In a synchronous program, when an I/O operation (like reading from a file, making a network request) is initiated, the program execution is blocked until the operation completes. In contrast, an asynchronous program makes non-blocking calls. This means when an I/O operation is initiated, the program doesn't wait for it to complete and can continue executing other code.

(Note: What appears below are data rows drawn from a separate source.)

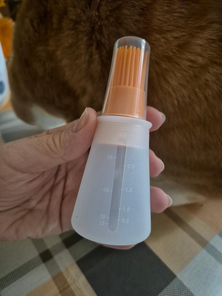 Выйграла силиконовую щеточку бутылку для масла, прикольная,на 80 мл. Хорошо закручивается. В деле ещё не пробовала,но думаю будет удобно смазывать сковородки. Продавца рекомендую.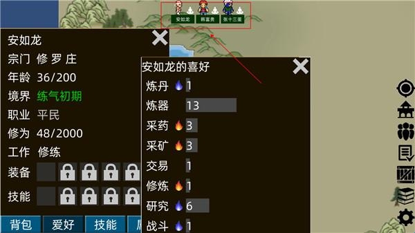 4、点击上方的角色即可查看每一个弟子的属性倾向。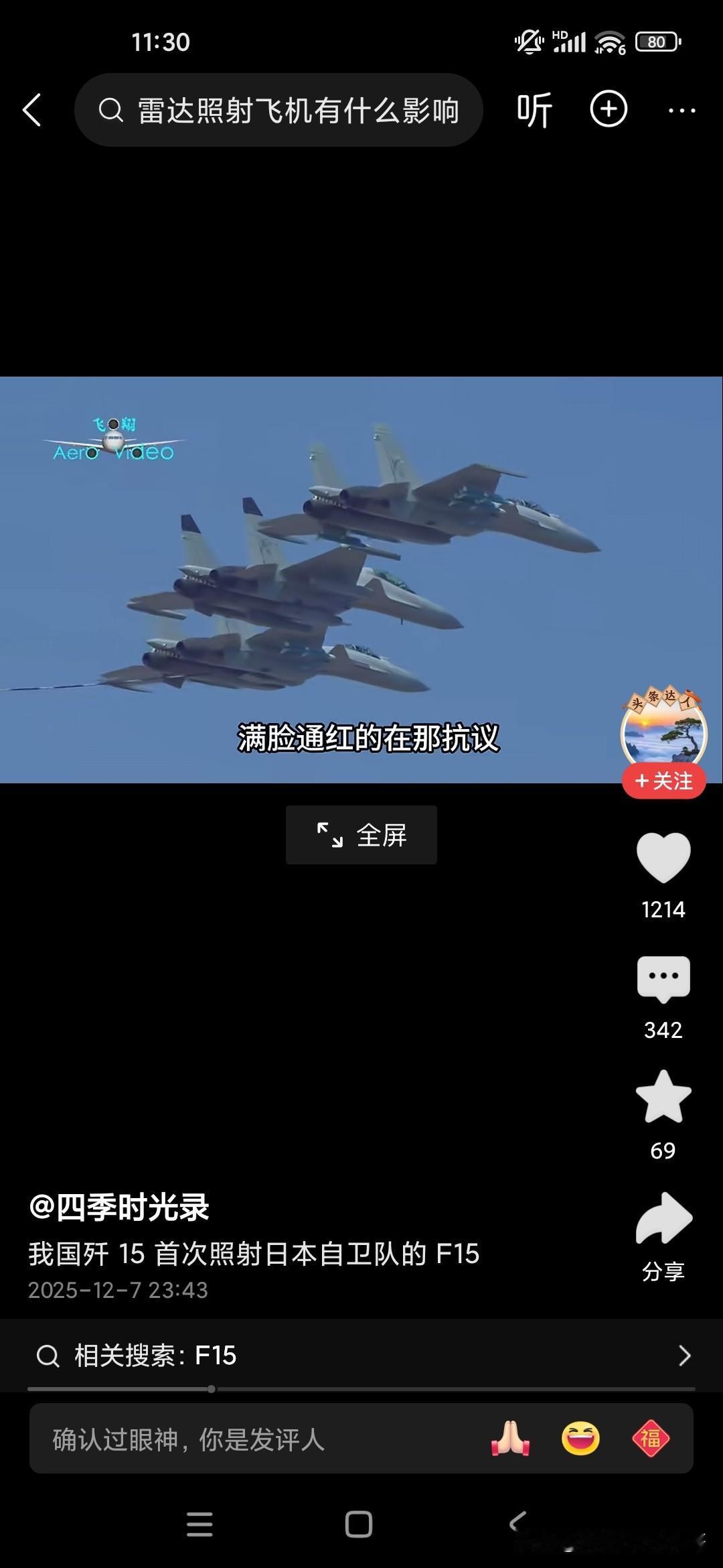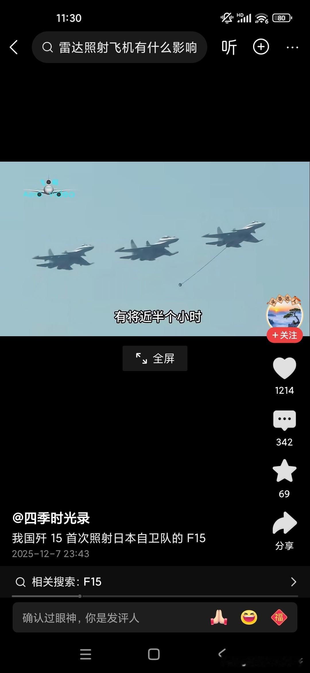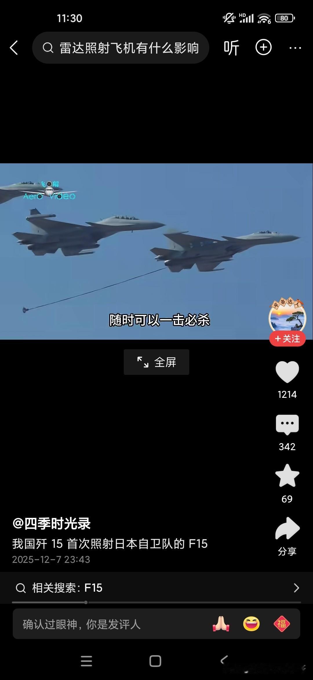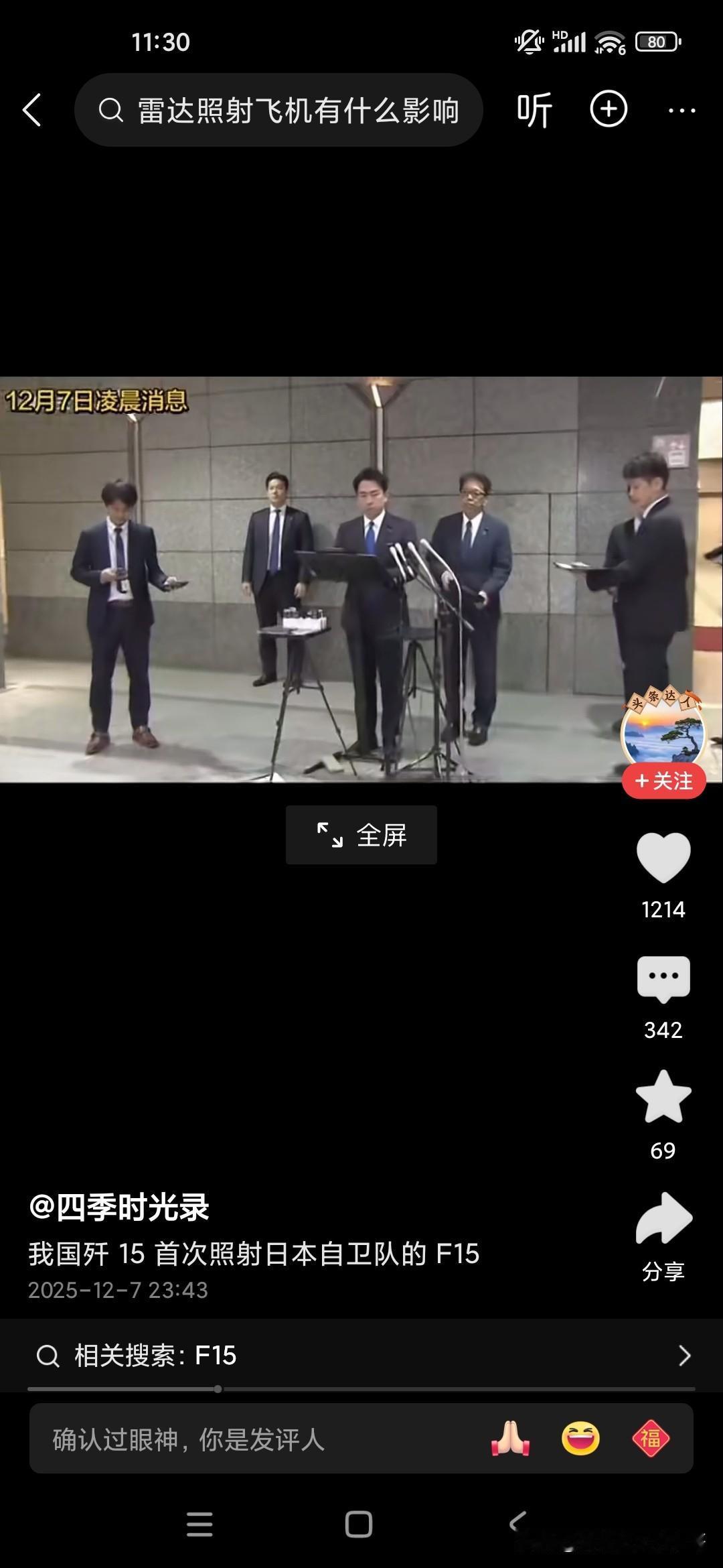 我们的歼15军机锁定了日本的F15整整30分钟吧,稍微有一点军事常识的人都知道火控雷达打开的时候就是要进攻的最后一个动作了,保险已经打开,导弹已经压好了,这个空对空导弹已经弄好了,就是随时准备发射,而且雷达照射军机对飞行员的伤害也很大,所以说日本的近卫大臣防相小泉进次郎半夜2点开发布会,说明他内心非常心虚,他非常害怕中国真的打起来的话,真的招架不住,美国又不敢明确反对,虽然说有日美安保条约,但是美国不敢真正的去触中国的霉头,因为现在他自己也自身难保,特朗普又想在明年4月份访问中国,所以在这之间的话,他不想发表任何与中国国策或者说是伤害中国人民感情的事情,所以说美国啥也没说,最后小泉进次郎没有办法,只能去找澳大利亚国防部长商量一下。 大家都知道,年初的时候我们的055大驱围绕澳大利亚整整跑了两圈呀,最后放了一炮,他国防部长本来是装聋作哑的,后来实在没有办法了,说中国的军舰是在公海里边演习,跟他们没有什么关系,明眼人一看都知道了,他们只敬畏大炮,只敬畏你的军事实力,其他的他都喜欢打打嘴炮。 真希望日本人这次还是不要怂,如果他们胆敢开第一枪,嘿嘿,正好中了我们的计!

Aspect Asynchronous Programming Multi-threading
Nature Event-driven, often single-threaded Multiple threads of execution, potentially on multiple cores
Ideal for I/O-bound tasks (network, file I/O) CPU-bound tasks, parallel computations
Concurrency Model Non-blocking tasks, single-threaded event loop Multiple threads running in parallel
Synchronization Typically no traditional locks, relies on event loop Uses locks, mutexes, semaphores for shared resources
Thread Management Managed by the event loop, minimal thread usage Thread pools manage and reuse worker threads
Blocking Operations Non-blocking by nature, tasks yield to the event loop Blocking operations can be offloaded to separate threads
Complexity & Overhead Lower complexity for I/O tasks, async/await pattern Higher complexity due to thread management and synchronization
Use Case Example Handling many concurrent network requests Performing complex calculations across multiple CPU cores

Example

import asyncio

async def simulate_long_running_task(name, duration):
    print(f"Task {name} started, it will take {duration} seconds.")
    await asyncio.sleep(duration)
    print(f"Task {name} finished.")

async def main():
    # Schedule multiple coroutines to run concurrently
    await asyncio.gather(
        simulate_long_running_task("A", 3),
        simulate_long_running_task("B", 2),
        simulate_long_running_task("C", 1)
    )

asyncio.run(main())

In the example with multiple coroutines using asyncio.gather, all coroutines are executed in the same thread. When one coroutine reaches an await (like await asyncio.sleep(duration)), it effectively tells the event loop, "I'm going to be idle for a while, go ahead and run other tasks." The event loop then switches to other coroutines and makes progress there.

Coroutine

These are special functions that can pause and resume their execution. Unlike traditional functions that run from start to finish in one go, coroutines can be suspended at await expressions, allowing other coroutines to run.

Coroutine Context

Within the context of a single coroutine, await pauses the execution of that coroutine until the awaited task is complete. This could be seen as "blocking" within the local context of the coroutine.

Event Loop Context

From the perspective of the asyncio event loop, await is non-blocking. The event loop can continue doing other work while a coroutine is suspended due to an await.